Assigned task: Although the data below contains pictures, output only the lines between those holding "The Programmer detect: W25Q80BV" and "Serve your app", inclusive, exactly and without those pictures.

· · · · · · ·

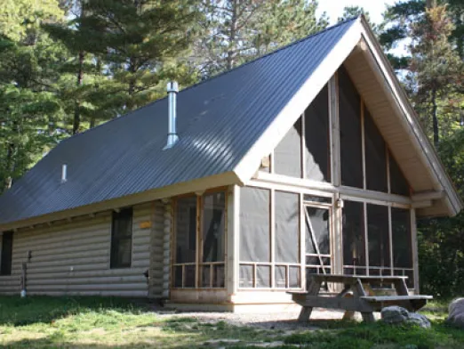 In 2008 the Twilight cabin was built to meet the demands of a growing camp. Twilight has two bedrooms and a sleeping loft, a kitchen, a bathroom, a dining area, and a living area with a gas fireplace. There is also a fabulous screened porch.
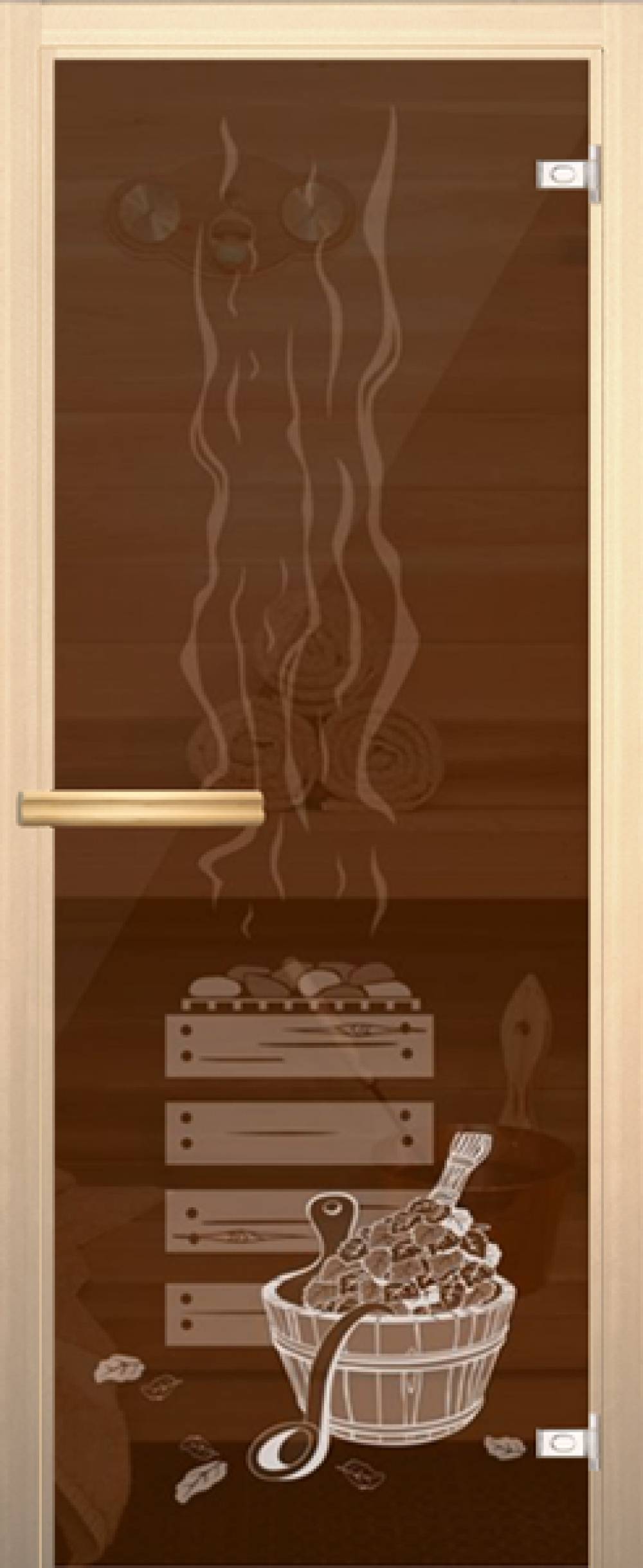 Двери имеют небольшие рисунки на поверхности стекла, нанесённые на него запекаемой керамической краской. Визуально они расширяют пространство бани.
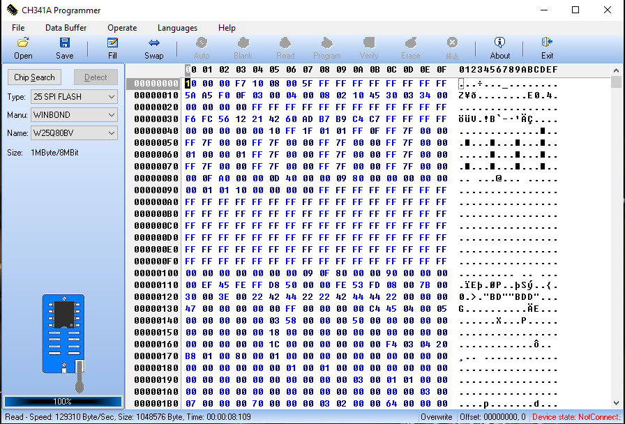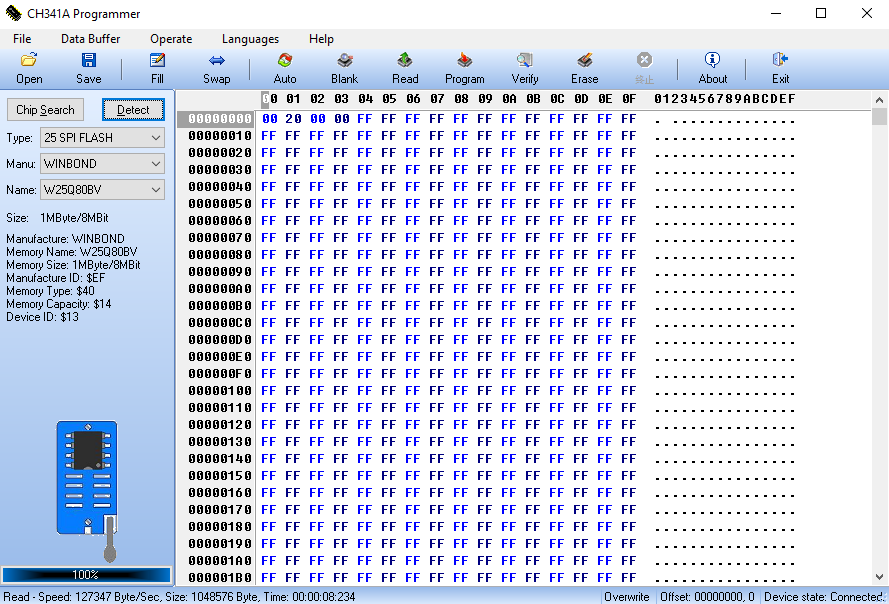 The Programmer detect: W25Q80BV Size 1MByte/8MBit
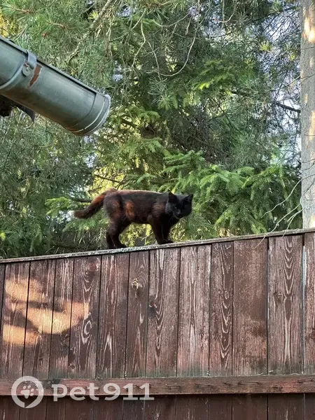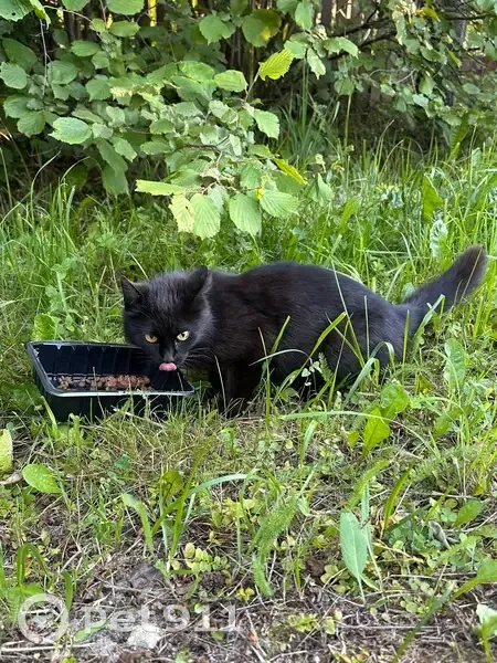 Черная кошка, пушистая, желтые глаза. Выглядит очень ухоженной. Ошейника нет.
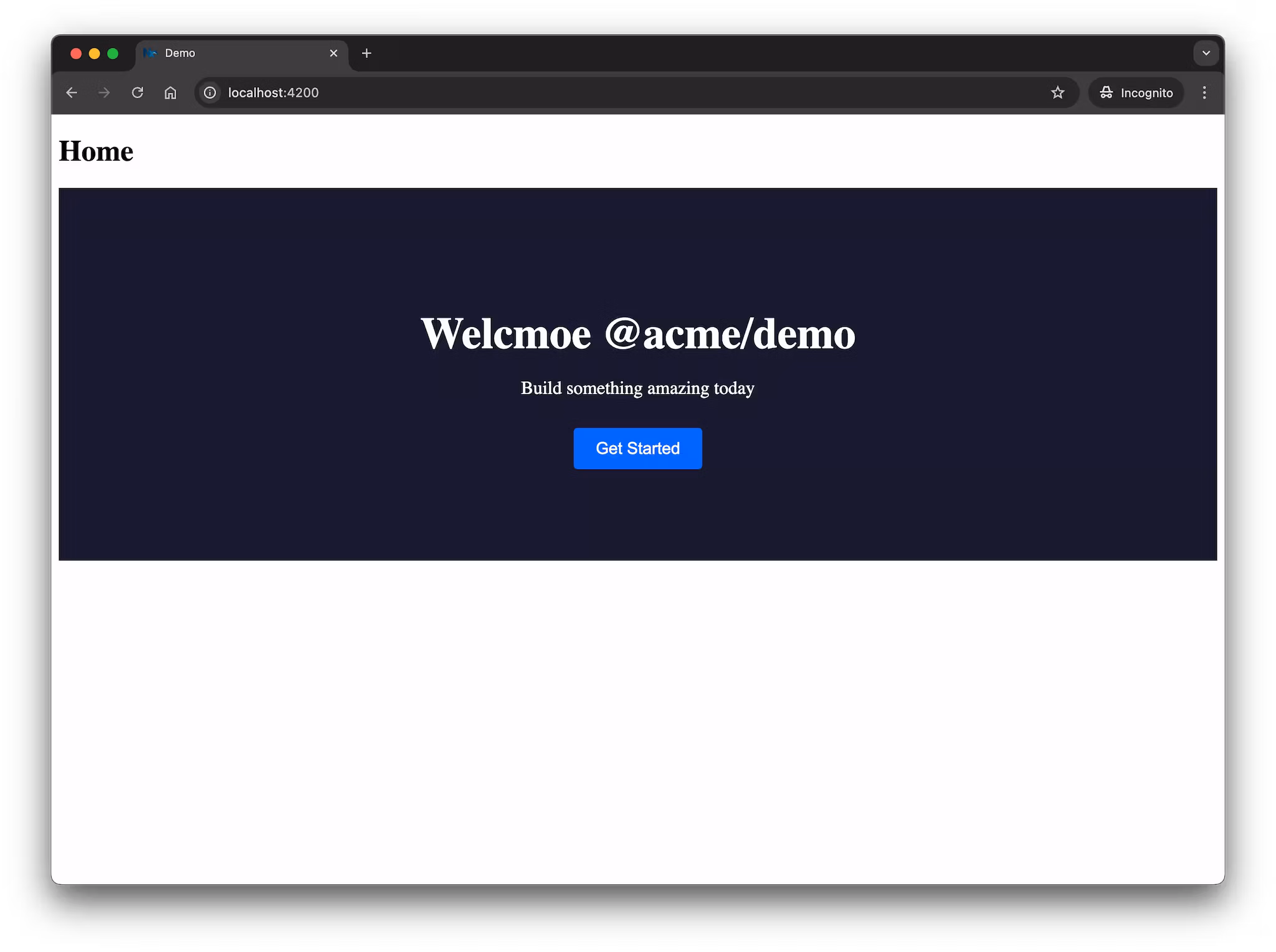 Serve your app again (npx nx serve demo) and you should see the new Hero component from the ui library rendered on the home page.
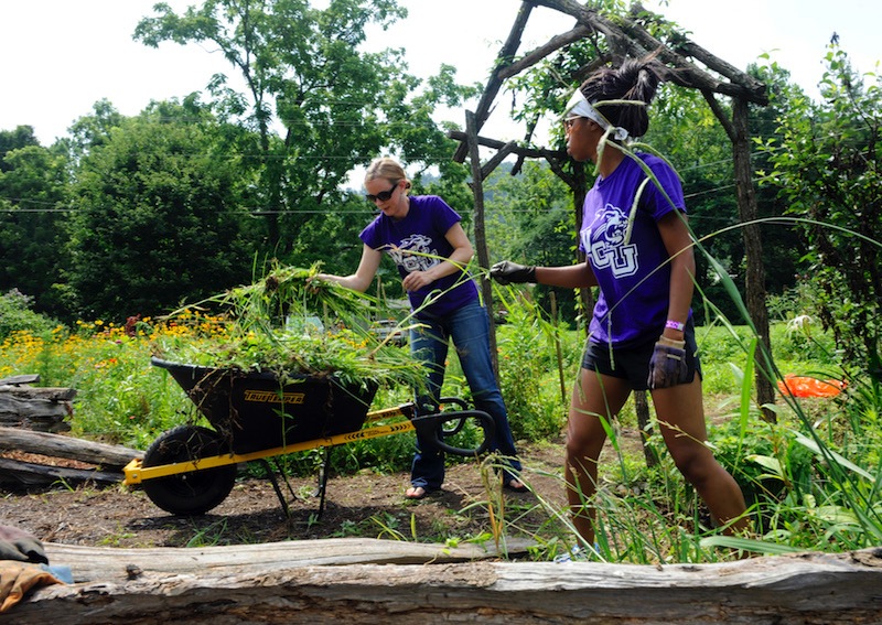 Growing knowledge: Sylva Community Garden volunteer Jennifer Cooper says a community garden is a place where people from many walks of life can grow and learn together. "Not everyone who is coming into the garden has the same amount of experience," Cooper says. "But we have experienced gardeners here -- volunteering their time -- who are able to teach them. It's really cool to see people sharing knowledge." (Photo by Ashley Evans, courtesy of WCU)
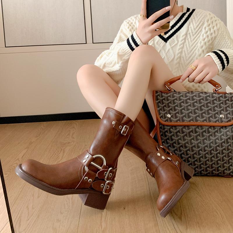 Осенне-зимняя обувь из коровьей кожи Krazing Pot, женские высокие сапоги на среднем каблуке с круглым носком и металлическими застежками на молнии 40 коричневый
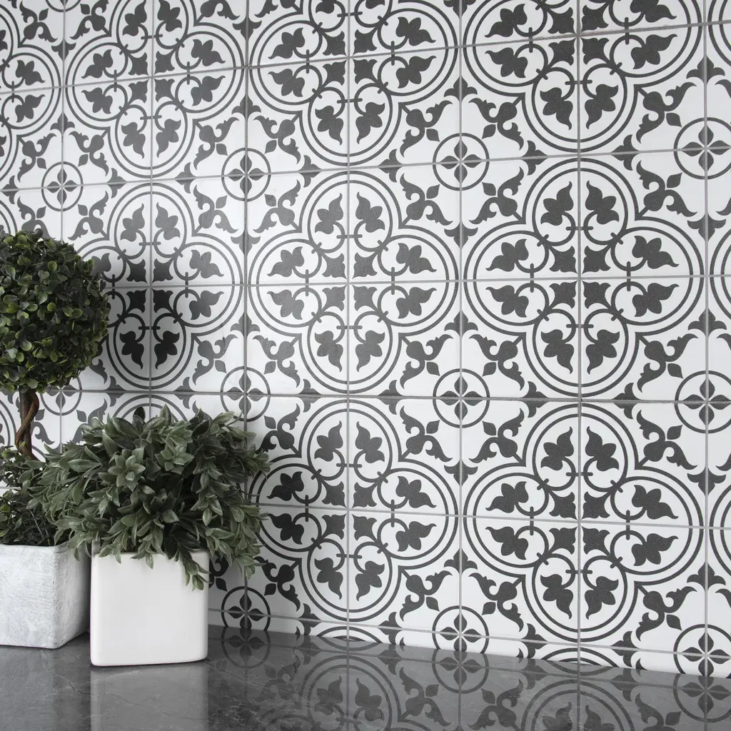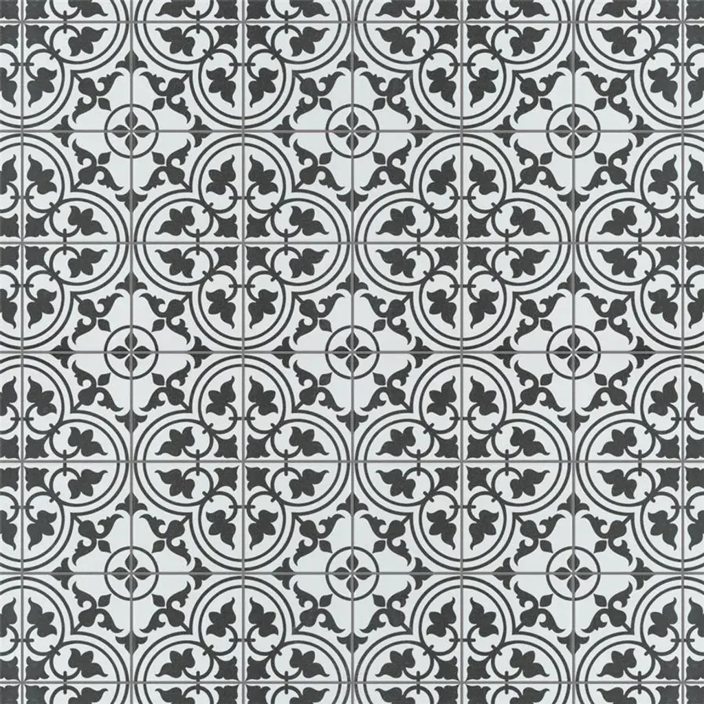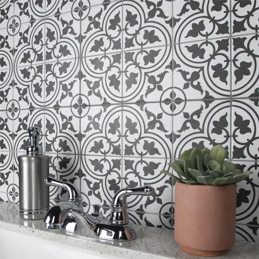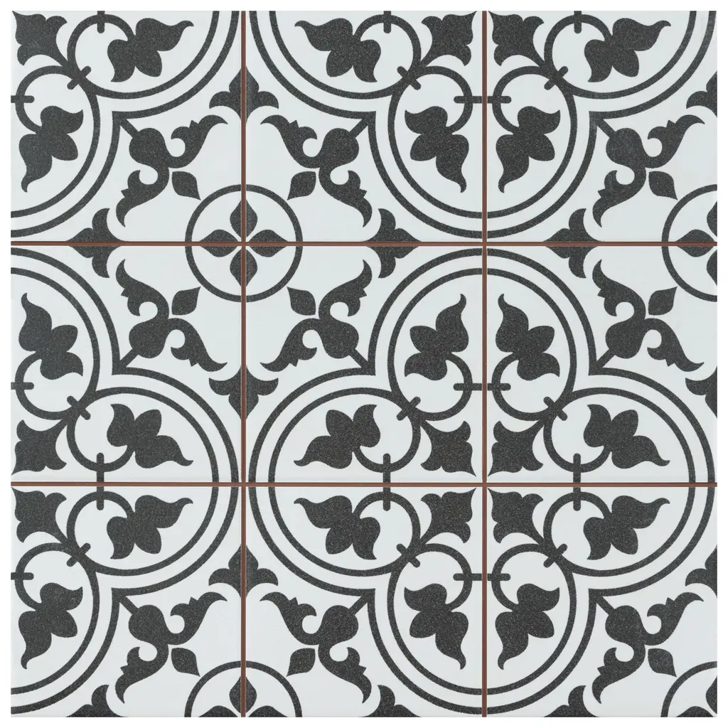 Our Harmonia Classic White Ceramic Floor and Wall Tile creates the look of a stunning leading-edge mosaic-like design with the harmonious, easy installation of a square tile. Inspired by our best-selling Arte White, this ceramic encaustic-inspired tile similarly features floral old-world patterns in rich charcoal black that frames dueling arcs in the center, offering subtle contrast and dimension to the decoration. Set on the highest-quality snow white base glaze, the contrasting design features a weathered, speckled look, replicating the beauty of its cement muse. The floral, geometric pattern blends into virtually any design theme, making this an exceptional product for modern installations and historic renovations. Save time and labor spent arranging mosaic sheets and instead install these durable ceramic slabs, which have squares separated by scored grout lines. The scored grout lines can be grouted with the color of your choice to further customize your installation. Its glazed and durable features make it an ideal choice for both commercial and residential indoor installations including kitchens, bathrooms, backsplashes, showers, and entryways. Tile is the better choice for your space. This tile is made from natural ingredients, making it a healthy choice as it is free from allergens, VOCs, formaldehyde and PVC. 12.0 square feet, 10 pieces per case. Case weight is 51.1 lbs. Grade 1, first-quality ceramic tile for floor and wall use 13 in. width x 13 in. length x 0.37 in. thick Glazed, slightly textured finish with a low sheen and uniform appearance in tone PEI Rating IV has high resistance to abrasion and is suitable for heavy-duty residential and commercial kitchens, hotels, exhibition and sales rooms with some dirt conditions Semi-Vitreous tiles have water absorption of more than 3% but less than 7% for indoor use This tile is ADA approved for slip resistance with a DCOF value of 0.42 or higher. Not frost resistant Please note: A sample of this product may be a partial piece cut from the full size tile in order to provide an affordable and convenient way for customers to judge the quality and finish of this item. Samples are not returnable.

· · · · · · ·

Solution to the problem:
 The Programmer detect: W25Q80BV Size 1MByte/8MBit
 Черная кошка, пушистая, желтые глаза. Выглядит очень ухоженной. Ошейника нет.
 Serve your app again (npx nx serve demo) and you should see the new Hero component from the ui library rendered on the home page.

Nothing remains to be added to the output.